* WORK TO COMPLETE *
Pictures in the entries below are excluded; copy only the lines from the one containing "Die folgende Abbildung" to the one containing "After Fonfría, we", both included.
+++ DATA FOR ANALYSIS +++
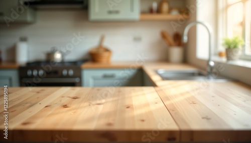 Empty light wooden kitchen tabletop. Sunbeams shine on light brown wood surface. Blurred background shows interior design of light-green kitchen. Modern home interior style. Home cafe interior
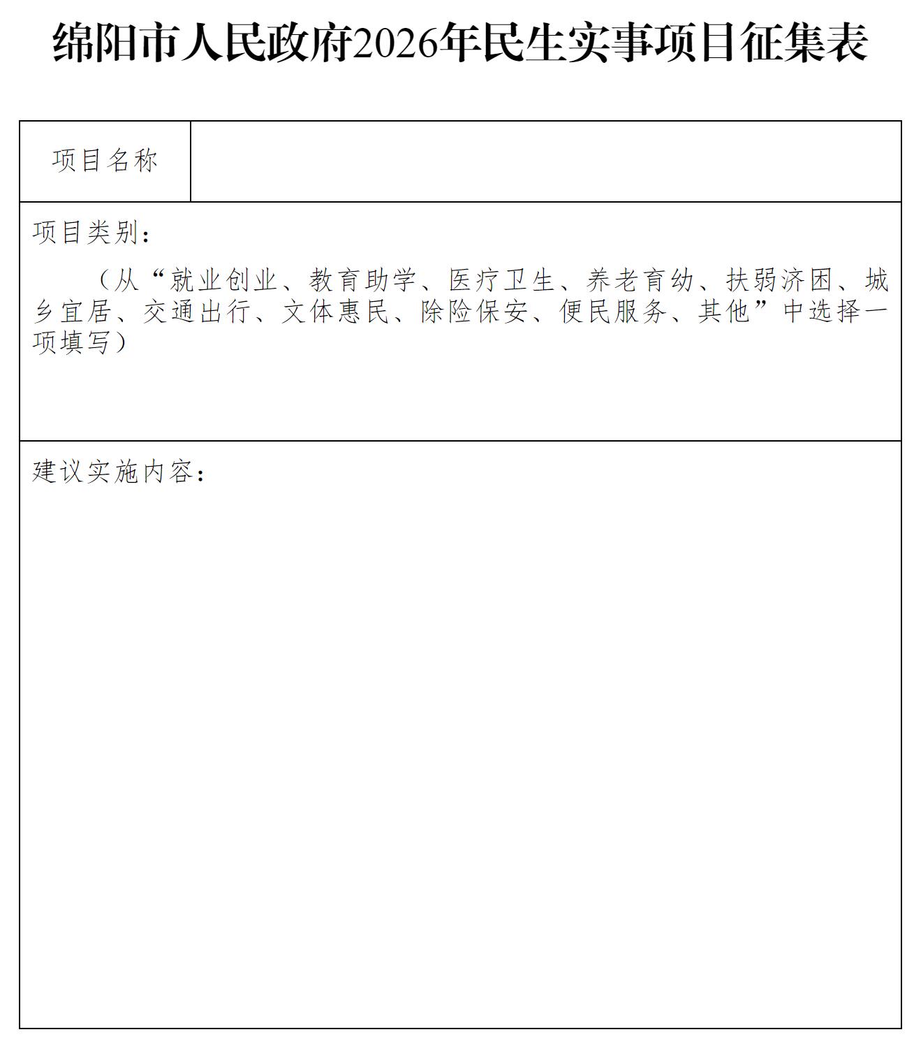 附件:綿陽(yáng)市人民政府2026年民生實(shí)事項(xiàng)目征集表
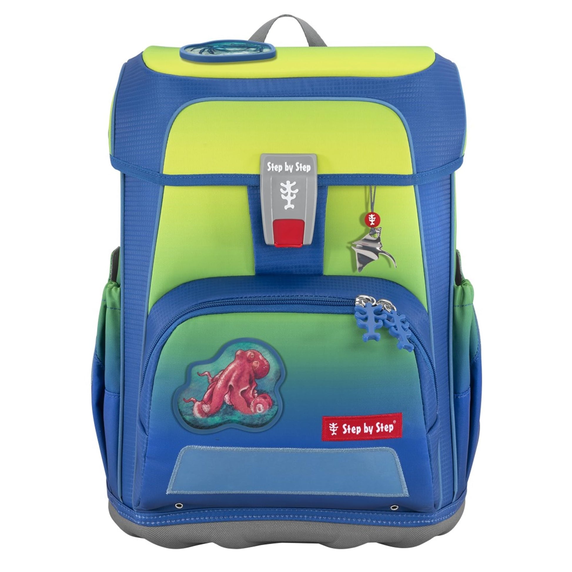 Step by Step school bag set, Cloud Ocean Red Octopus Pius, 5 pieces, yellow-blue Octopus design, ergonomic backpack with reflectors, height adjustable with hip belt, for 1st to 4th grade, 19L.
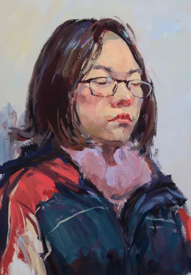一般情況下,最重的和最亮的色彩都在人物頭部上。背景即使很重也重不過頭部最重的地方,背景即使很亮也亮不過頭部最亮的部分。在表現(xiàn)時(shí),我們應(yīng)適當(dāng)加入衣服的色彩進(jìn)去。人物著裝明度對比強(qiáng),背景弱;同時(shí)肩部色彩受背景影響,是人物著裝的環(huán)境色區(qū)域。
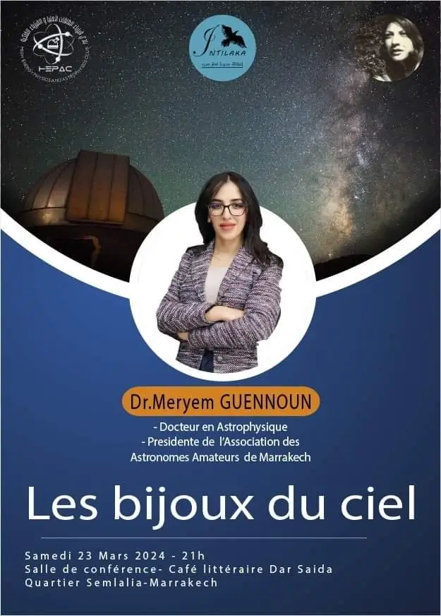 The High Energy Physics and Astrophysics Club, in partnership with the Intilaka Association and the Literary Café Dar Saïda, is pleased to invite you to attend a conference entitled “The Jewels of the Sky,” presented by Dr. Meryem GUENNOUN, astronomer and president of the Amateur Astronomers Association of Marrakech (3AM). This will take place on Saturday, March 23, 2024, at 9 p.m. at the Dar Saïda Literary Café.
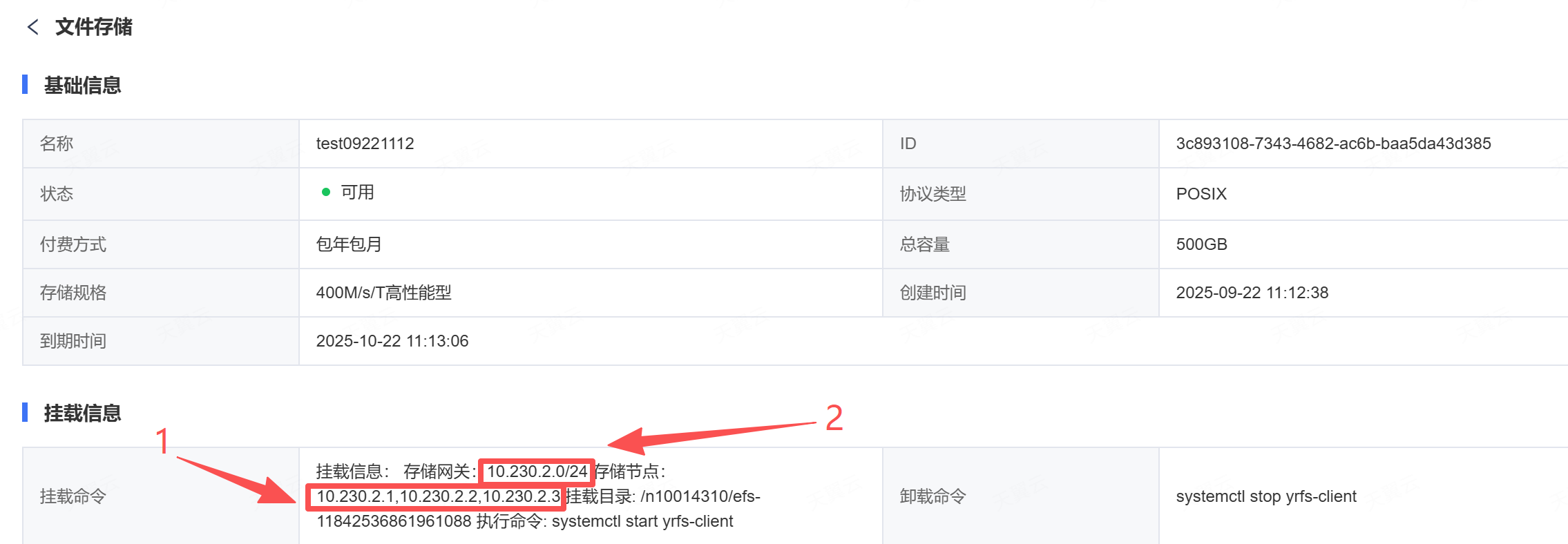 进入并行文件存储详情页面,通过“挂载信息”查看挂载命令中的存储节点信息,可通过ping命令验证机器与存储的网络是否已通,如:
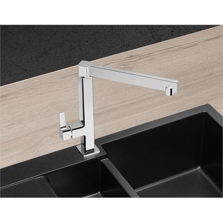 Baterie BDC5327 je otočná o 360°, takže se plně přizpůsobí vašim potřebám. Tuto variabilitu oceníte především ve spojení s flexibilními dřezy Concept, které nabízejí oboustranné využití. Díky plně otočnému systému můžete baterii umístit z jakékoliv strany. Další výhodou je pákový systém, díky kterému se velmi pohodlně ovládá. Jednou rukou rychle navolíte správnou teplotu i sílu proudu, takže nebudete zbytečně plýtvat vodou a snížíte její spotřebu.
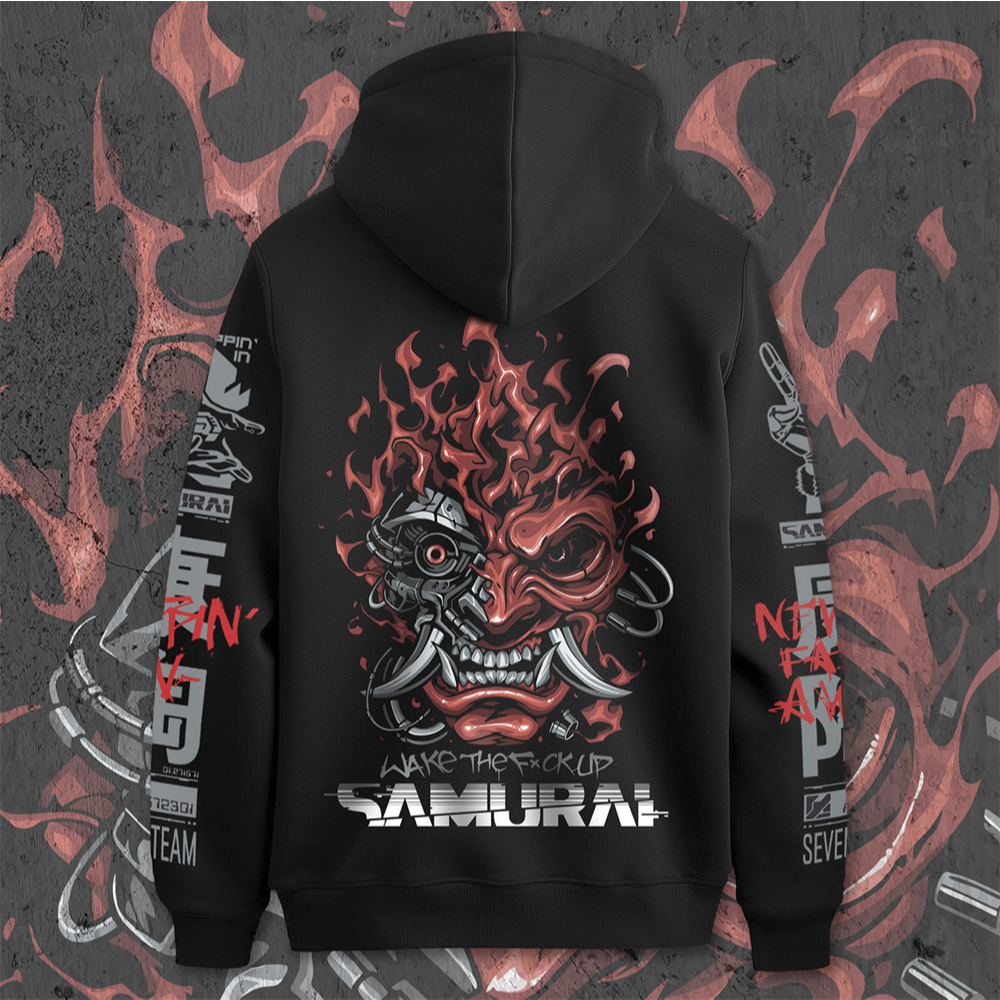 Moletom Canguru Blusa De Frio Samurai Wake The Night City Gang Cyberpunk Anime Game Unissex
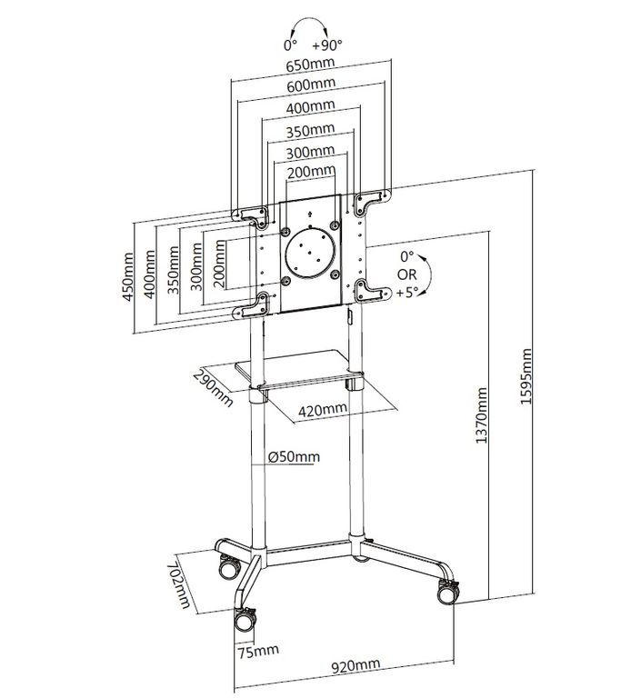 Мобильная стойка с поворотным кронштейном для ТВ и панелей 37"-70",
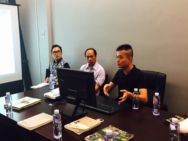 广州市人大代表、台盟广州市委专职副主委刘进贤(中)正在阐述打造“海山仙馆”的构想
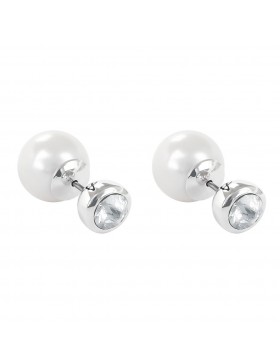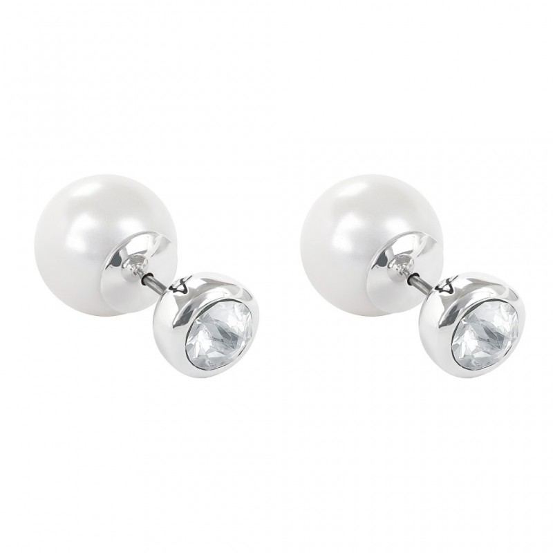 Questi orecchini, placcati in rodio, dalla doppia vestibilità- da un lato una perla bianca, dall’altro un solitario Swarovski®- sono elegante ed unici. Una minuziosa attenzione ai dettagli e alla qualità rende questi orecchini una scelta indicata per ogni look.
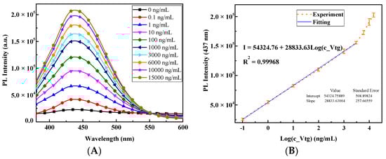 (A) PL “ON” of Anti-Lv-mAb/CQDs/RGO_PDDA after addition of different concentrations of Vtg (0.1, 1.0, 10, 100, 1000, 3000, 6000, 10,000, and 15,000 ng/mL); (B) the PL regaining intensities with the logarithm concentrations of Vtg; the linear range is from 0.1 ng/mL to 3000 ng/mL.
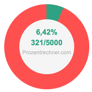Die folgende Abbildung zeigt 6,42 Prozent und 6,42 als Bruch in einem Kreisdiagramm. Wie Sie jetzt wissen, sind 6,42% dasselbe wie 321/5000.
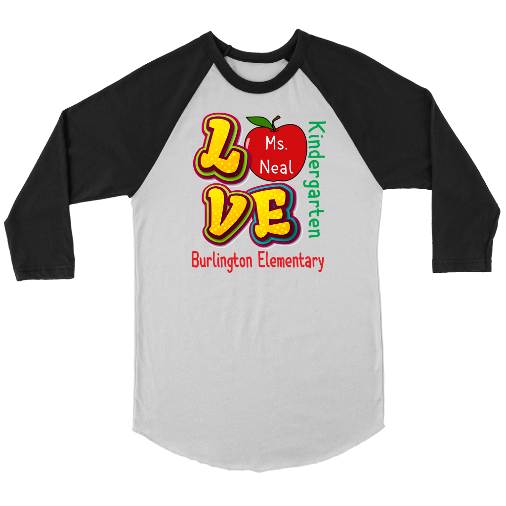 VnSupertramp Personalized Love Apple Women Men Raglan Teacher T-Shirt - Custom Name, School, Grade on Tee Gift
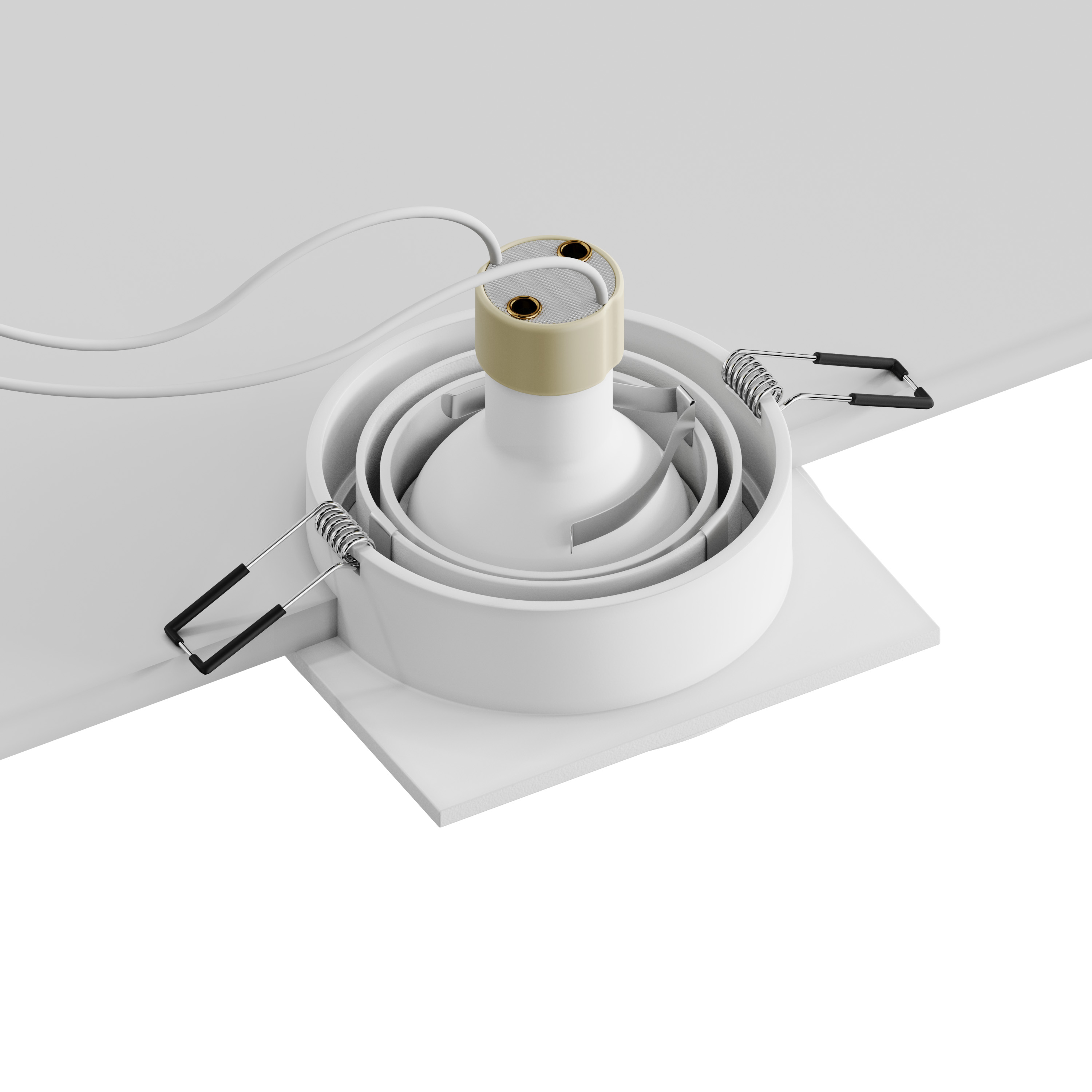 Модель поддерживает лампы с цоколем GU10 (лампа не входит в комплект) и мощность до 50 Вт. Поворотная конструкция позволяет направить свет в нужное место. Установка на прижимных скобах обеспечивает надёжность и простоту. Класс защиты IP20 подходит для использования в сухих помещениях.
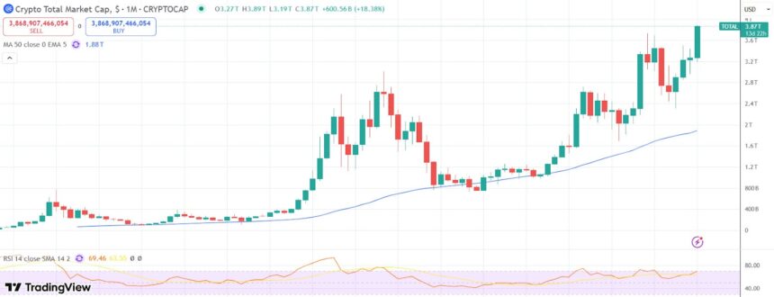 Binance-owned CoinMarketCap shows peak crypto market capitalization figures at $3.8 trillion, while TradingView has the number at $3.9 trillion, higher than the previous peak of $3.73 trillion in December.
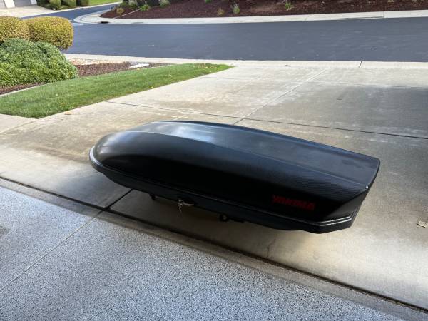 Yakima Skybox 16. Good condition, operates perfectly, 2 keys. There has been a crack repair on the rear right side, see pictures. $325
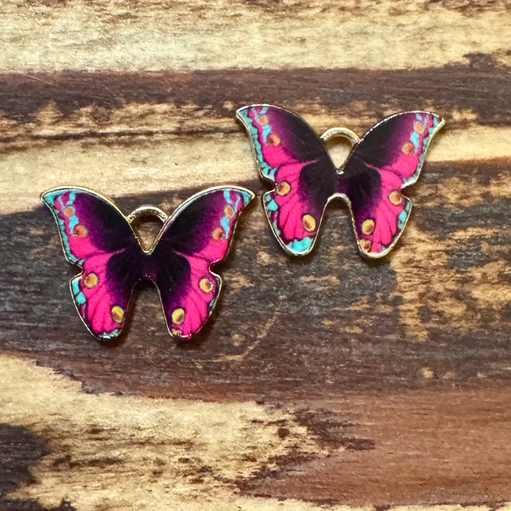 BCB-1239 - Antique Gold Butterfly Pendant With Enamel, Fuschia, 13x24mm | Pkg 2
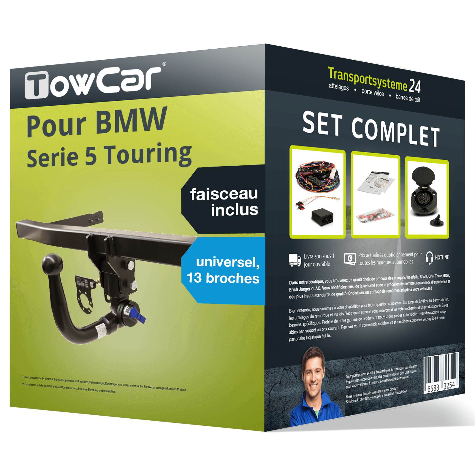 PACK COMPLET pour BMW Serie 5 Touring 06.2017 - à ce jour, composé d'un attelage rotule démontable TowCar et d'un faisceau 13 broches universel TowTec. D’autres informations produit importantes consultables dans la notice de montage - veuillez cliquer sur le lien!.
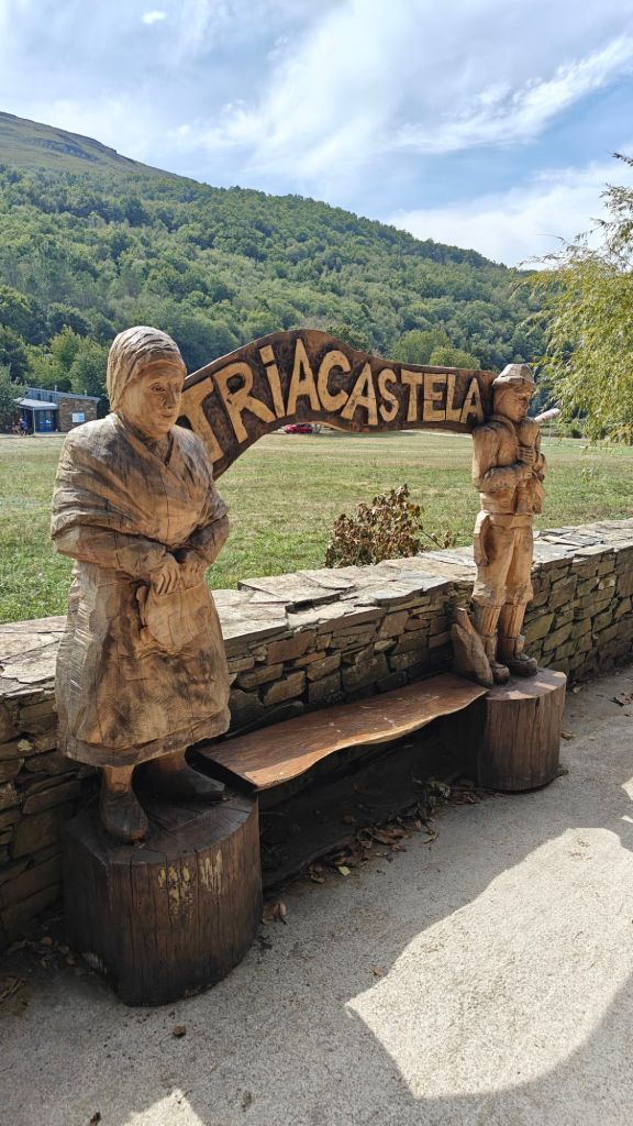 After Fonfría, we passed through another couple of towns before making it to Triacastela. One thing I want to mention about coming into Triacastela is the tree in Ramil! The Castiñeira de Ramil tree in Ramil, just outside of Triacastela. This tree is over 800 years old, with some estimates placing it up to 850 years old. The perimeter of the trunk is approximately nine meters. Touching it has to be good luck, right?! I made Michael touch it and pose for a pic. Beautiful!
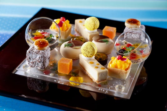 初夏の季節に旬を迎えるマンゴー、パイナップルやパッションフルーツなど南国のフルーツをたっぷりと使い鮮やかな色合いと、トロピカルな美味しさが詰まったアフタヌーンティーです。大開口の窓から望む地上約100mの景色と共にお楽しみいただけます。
+++
* TASK RESULT *
Die folgende Abbildung zeigt 6,42 Prozent und 6,42 als Bruch in einem Kreisdiagramm. Wie Sie jetzt wissen, sind 6,42% dasselbe wie 321/5000.
 VnSupertramp Personalized Love Apple Women Men Raglan Teacher T-Shirt - Custom Name, School, Grade on Tee Gift
 Модель поддерживает лампы с цоколем GU10 (лампа не входит в комплект) и мощность до 50 Вт. Поворотная конструкция позволяет направить свет в нужное место. Установка на прижимных скобах обеспечивает надёжность и простоту. Класс защиты IP20 подходит для использования в сухих помещениях.
 Binance-owned CoinMarketCap shows peak crypto market capitalization figures at $3.8 trillion, while TradingView has the number at $3.9 trillion, higher than the previous peak of $3.73 trillion in December.
 Yakima Skybox 16. Good condition, operates perfectly, 2 keys. There has been a crack repair on the rear right side, see pictures. $325
 BCB-1239 - Antique Gold Butterfly Pendant With Enamel, Fuschia, 13x24mm | Pkg 2
 PACK COMPLET pour BMW Serie 5 Touring 06.2017 - à ce jour, composé d'un attelage rotule démontable TowCar et d'un faisceau 13 broches universel TowTec. D’autres informations produit importantes consultables dans la notice de montage - veuillez cliquer sur le lien!.
 After Fonfría, we passed through another couple of towns before making it to Triacastela. One thing I want to mention about coming into Triacastela is the tree in Ramil! The Castiñeira de Ramil tree in Ramil, just outside of Triacastela. This tree is over 800 years old, with some estimates placing it up to 850 years old. The perimeter of the trunk is approximately nine meters. Touching it has to be good luck, right?! I made Michael touch it and pose for a pic. Beautiful!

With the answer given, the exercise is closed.